Case: BigDL/python/llm/example/GPU/Deepspeed-AutoTP Model: Llama-2-7b-hf ARC770: 2 cards env: RPL RVP, ubuntu22.04, kernel-6.4.1, mem-32G oneAPI 23.2.0 Running result:

(llm_multi) intel@ubuntu:~/multi_gpus/BigDL/python/llm/example/GPU/Deepspeed-AutoTP$ export CCL_ATL_TRANSPORT=mpi
(llm_multi) intel@ubuntu:~/multi_gpus/BigDL/python/llm/example/GPU/Deepspeed-AutoTP$ bash run.sh 
...
My guessed rank = 1
My guessed rank = 0
[2023-12-07 14:32:09,814] [INFO] [real_accelerator.py:158:get_accelerator] Setting ds_accelerator to xpu (auto detect)
[2023-12-07 14:32:09,814] [INFO] [real_accelerator.py:158:get_accelerator] Setting ds_accelerator to xpu (auto detect)
Loading checkpoint shards: 100%|█████████████████████████████████████████████████████████████████████████████████████████████████████████████████████████████████████████████| 2/2 [00:08<00:00,  4.23s/it]
Loading checkpoint shards: 100%|█████████████████████████████████████████████████████████████████████████████████████████████████████████████████████████████████████████████| 2/2 [00:08<00:00,  4.23s/it]

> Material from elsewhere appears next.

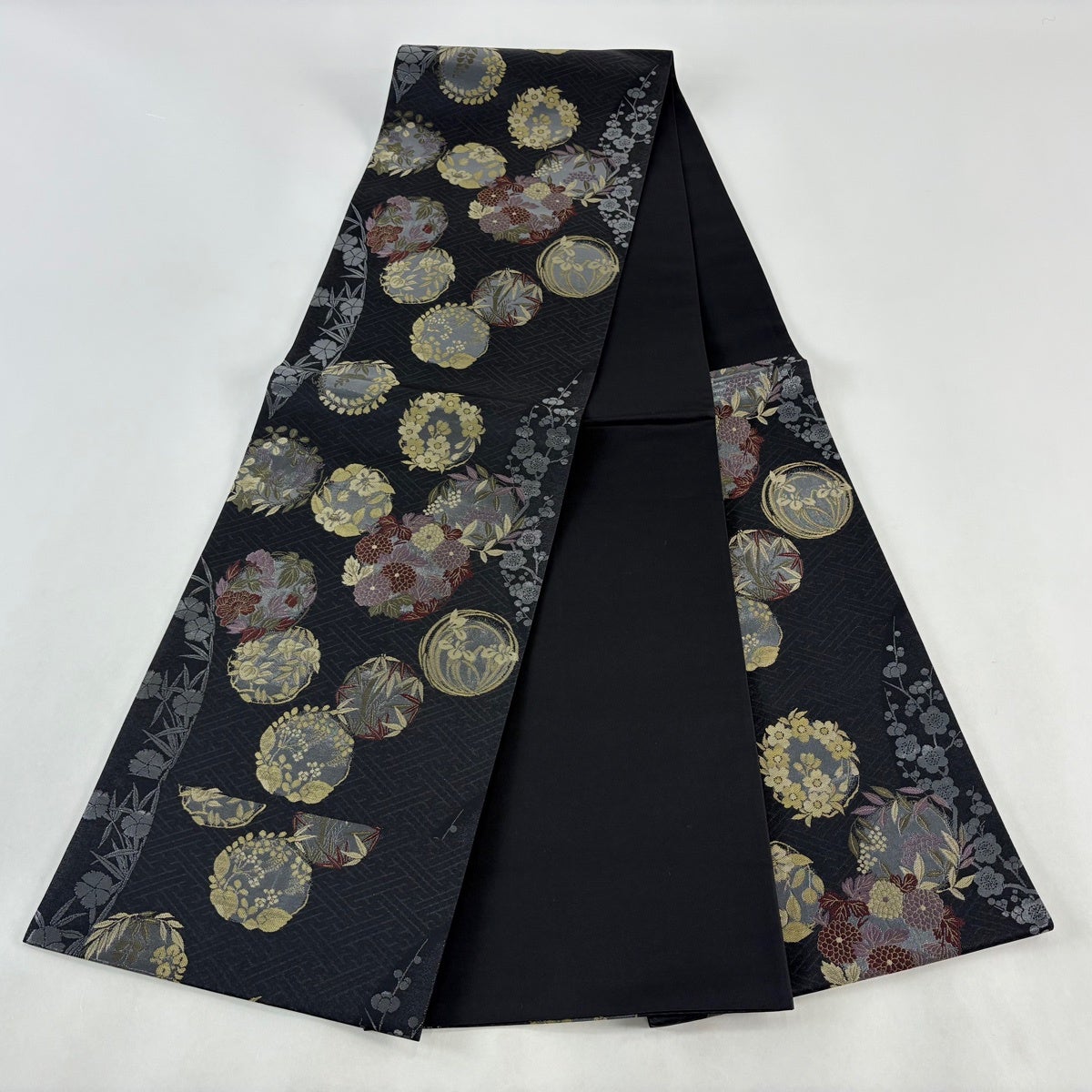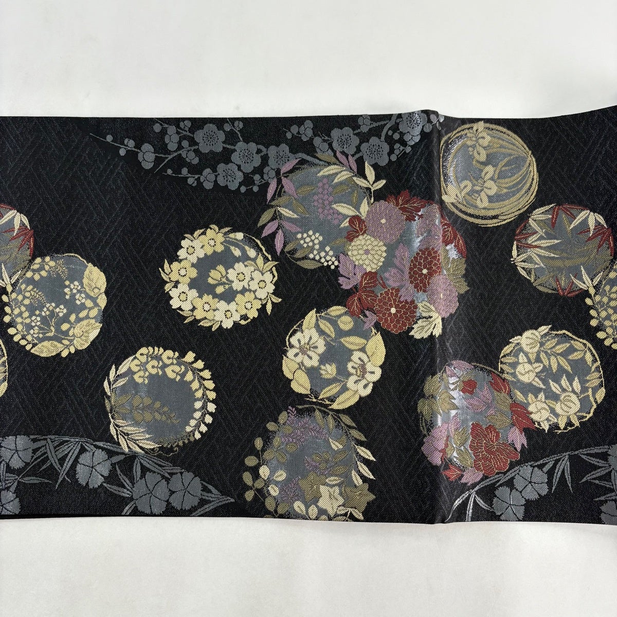 30%OFF 【美品】 袋帯 秀品 扇面 枝梅 唐織 箔 黒 六通 正絹 K30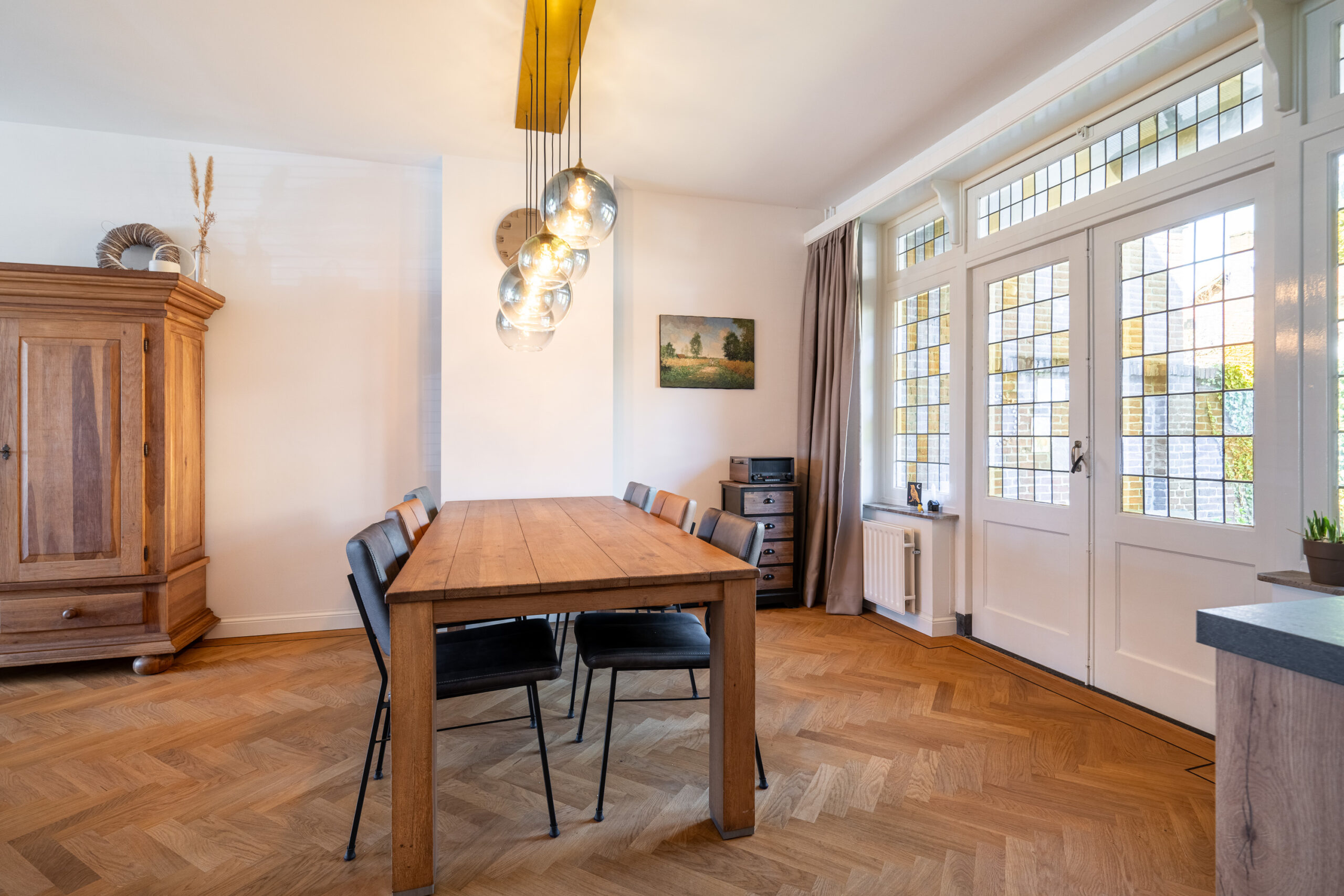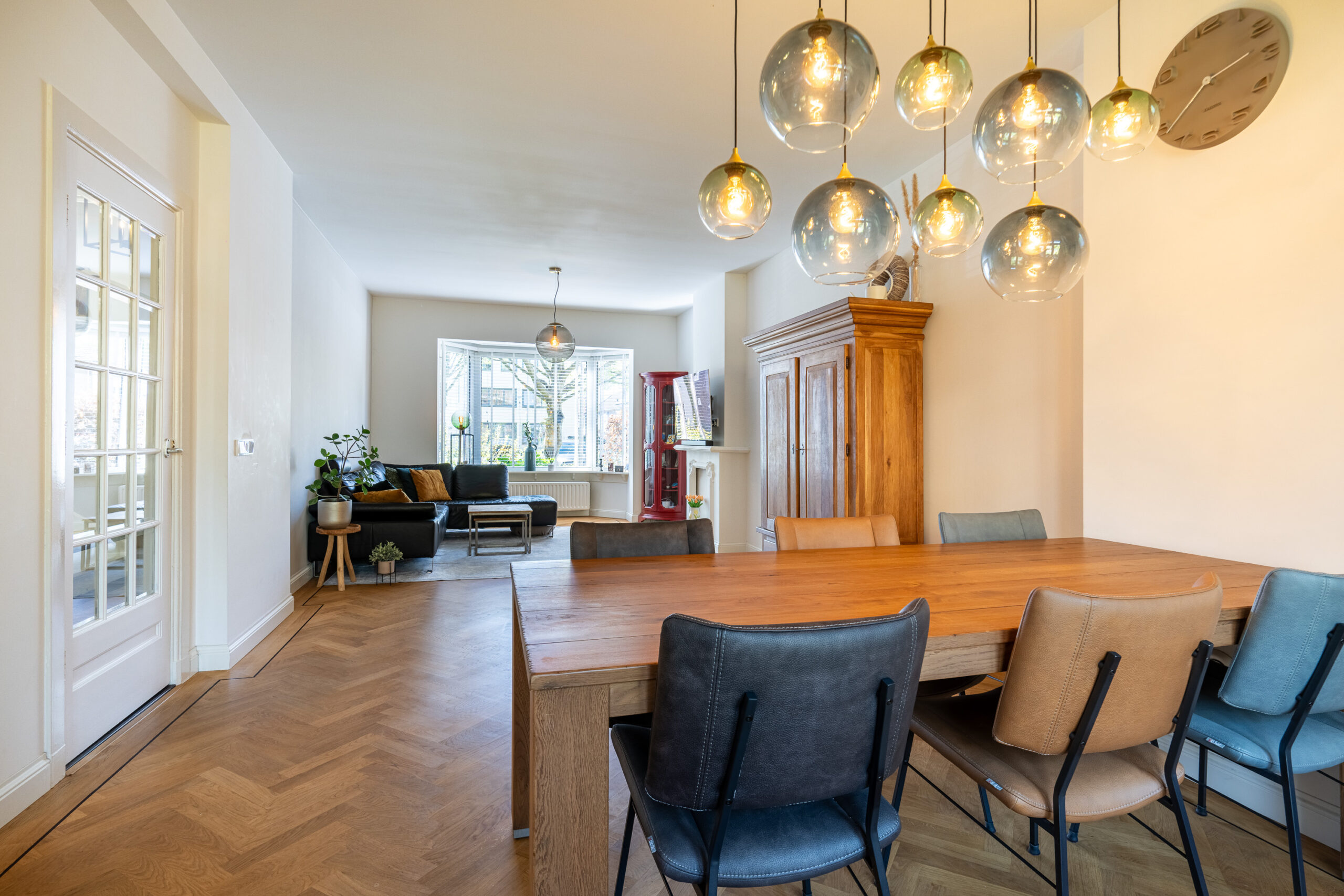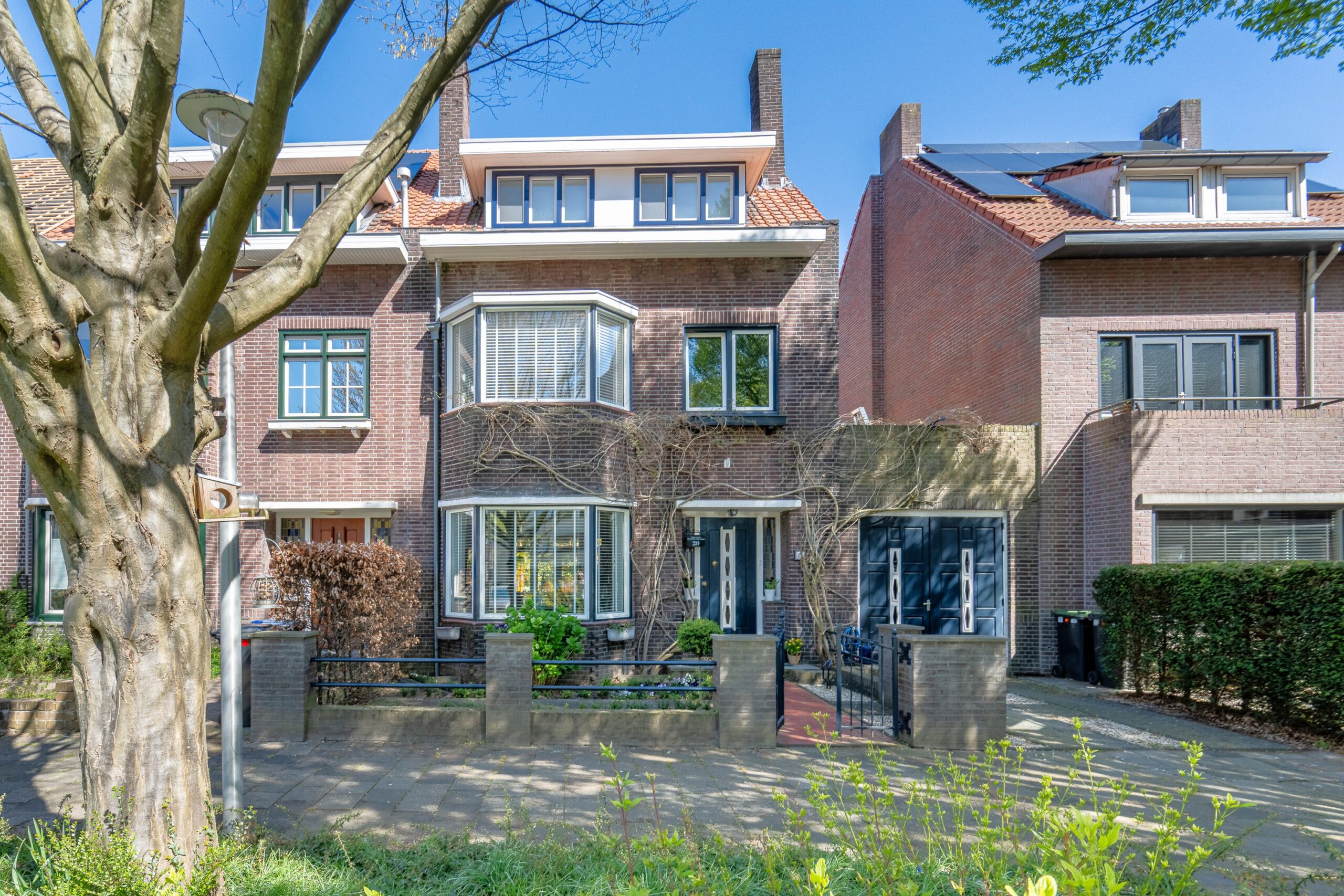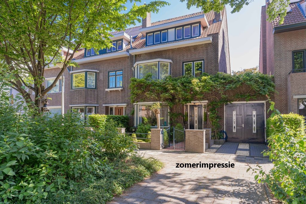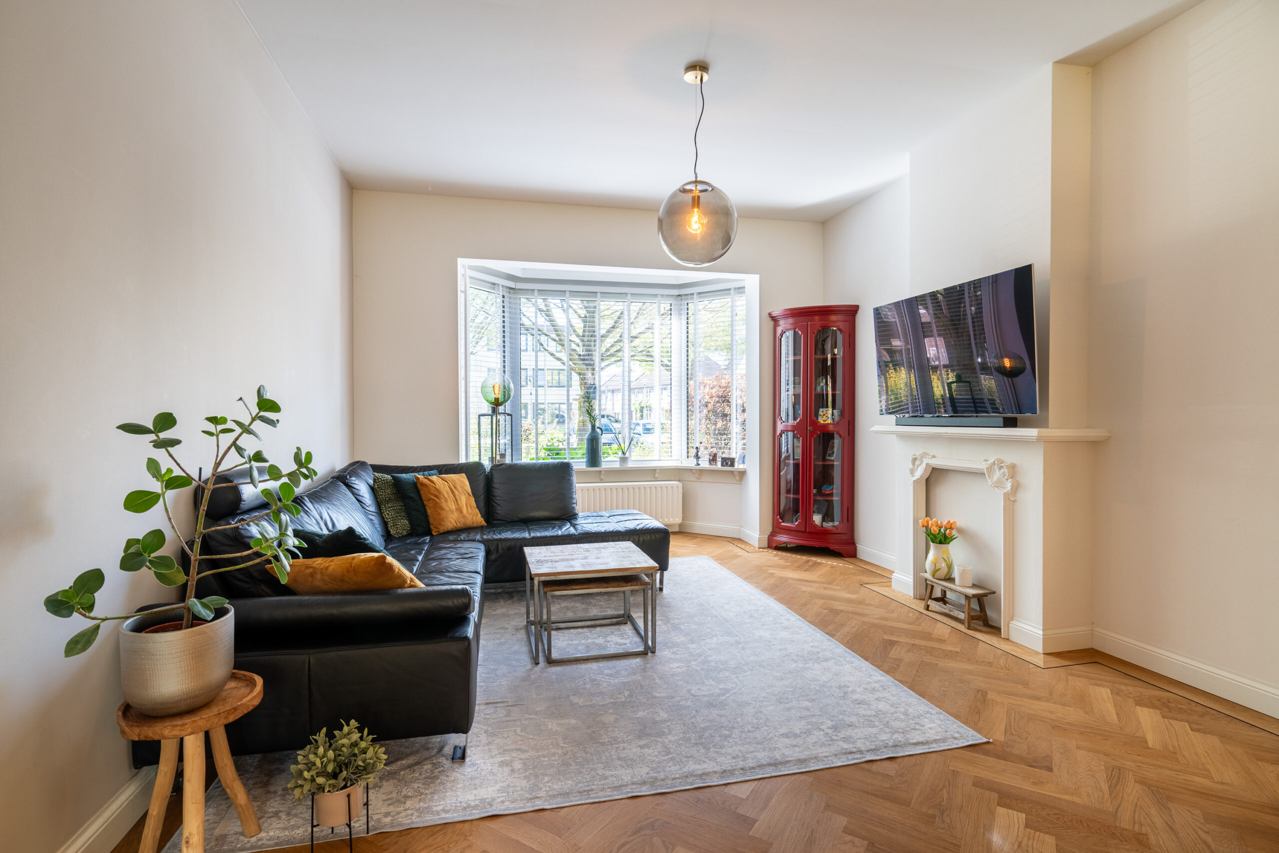 Het pand ligt wat terug t.o.v. het verkeer en is middels een fijn plantsoen gescheiden van de parkeervoorzieningen in de straat. De eigen inrit en oprit zorgen naast de mogelijke parkeervergunning ervoor dat er altijd plek is recht voor de deur om te parkeren. De voorzijde van de woning heeft een formele tuin die in 30-er jaren stijl is gerestaureerd met gemetselde kolommen en een smeedijzeren hek. De tweedelige houten garagepoort en voordeur zijn eveneens in authentieke Deco-stijl, nagemaakt aan de hand van de originele bouwtekeningen. De woning is over de gehele breedte begroeid met blauwe regen hetgeen een fraaie uitstraling geeft. Men betreedt de woning via de vestibule met authentieke tegelvloer, glas-in-lood elementen en taatsdeur naar de hal. De centrale hal biedt toegang tot de woonkamer, de gemoderniseerde toiletruimte (2024) met hangcloset en fontein, kelder en trapopgang naar de verdieping. De royale doorzonwoonkamer (ca. 39 m2) is in 2024 gemoderniseerd met een fraaie visgraat parketvloer, strak stucwerk, originele schouwpartij, erker aan de voorzijde en openslaande deuren met glas-in-lood elementen naar de achtertuin. De open keuken (ca. 11 m2) is eveneens in 2024 geheel gemoderniseerd met landelijke tegelvloer met vloerverwarming, glad stucwerk, inbouwspots, airco unit 1 en luxe keukenopstelling met wandopstelling en eiland v.v. inductiekookplaat met inbouw afzuiging, vaatwasser, oven, combi-oven, quooker kraan, koelkast en diepvries. Vanuit de keuken is er een doorloop naar de ca. 23 jaar geleden gerealiseerde hobby/werkkamer van ca. 32 m2 met veel lichtinval (middels ramen en lichtkoepel), gootsteen, karakteristieke tegelvloer, witgoedaansluitingen en opstelling Nefit ecomline combiketel (eigendom, ca. 2003). Vanuit de hobbyruimte is de garage (ca. 14 m2) toegankelijk met omvormer PV, vernieuwde meterkast en openslaande garagedeuren naar de oprit. Atelier en garage samen zijn ca. 46 m2 en bieden diverse mogelijkheden voor opslag, werkruimte, maar ook mogelijk een praktijk aan huis met eigen ingang.

[2023-12-07 14:32:19,151] [INFO] [logging.py:96:log_dist] [Rank -1] DeepSpeed info: version=0.11.2+78c518ed, git-hash=78c518ed, git-branch=HEAD
[2023-12-07 14:32:19,151] [INFO] [logging.py:96:log_dist] [Rank -1] DeepSpeed info: version=0.11.2+78c518ed, git-hash=78c518ed, git-branch=HEAD
[2023-12-07 14:32:19,152] [WARNING] [config_utils.py:69:_process_deprecated_field] Config parameter replace_method is deprecated. This parameter is no longer needed, please remove from your call to DeepSpeed-inference
[2023-12-07 14:32:19,152] [WARNING] [config_utils.py:69:_process_deprecated_field] Config parameter mp_size is deprecated use tensor_parallel.tp_size instead
[2023-12-07 14:32:19,152] [WARNING] [config_utils.py:69:_process_deprecated_field] Config parameter replace_method is deprecated. This parameter is no longer needed, please remove from your call to DeepSpeed-inference
[2023-12-07 14:32:19,153] [WARNING] [config_utils.py:69:_process_deprecated_field] Config parameter mp_size is deprecated use tensor_parallel.tp_size instead
[2023-12-07 14:32:19,153] [INFO] [logging.py:96:log_dist] [Rank -1] quantize_bits = 8 mlp_extra_grouping = False, quantize_groups = 1
[2023-12-07 14:32:19,153] [INFO] [logging.py:96:log_dist] [Rank -1] quantize_bits = 8 mlp_extra_grouping = False, quantize_groups = 1
[2023-12-07 14:32:19,156] [INFO] [comm.py:161:init_deepspeed_backend] Initialize ccl backend
[2023-12-07 14:32:19,156] [INFO] [comm.py:637:init_distributed] cdb=None
[2023-12-07 14:32:19,156] [INFO] [comm.py:161:init_deepspeed_backend] Initialize ccl backend
[2023-12-07 14:32:19,156] [INFO] [comm.py:637:init_distributed] cdb=None
[2023-12-07 14:32:19,156] [INFO] [comm.py:668:init_distributed] Initializing TorchBackend in DeepSpeed with backend ccl
2023-12-07 14:32:19,162 - torch.distributed.distributed_c10d - INFO - Added key: store_based_barrier_key:1 to store for rank: 0
2023-12-07 14:32:19,163 - torch.distributed.distributed_c10d - INFO - Added key: store_based_barrier_key:1 to store for rank: 1
2023-12-07 14:32:19,163 - torch.distributed.distributed_c10d - INFO - Rank 1: Completed store-based barrier for key:store_based_barrier_key:1 with 2 nodes.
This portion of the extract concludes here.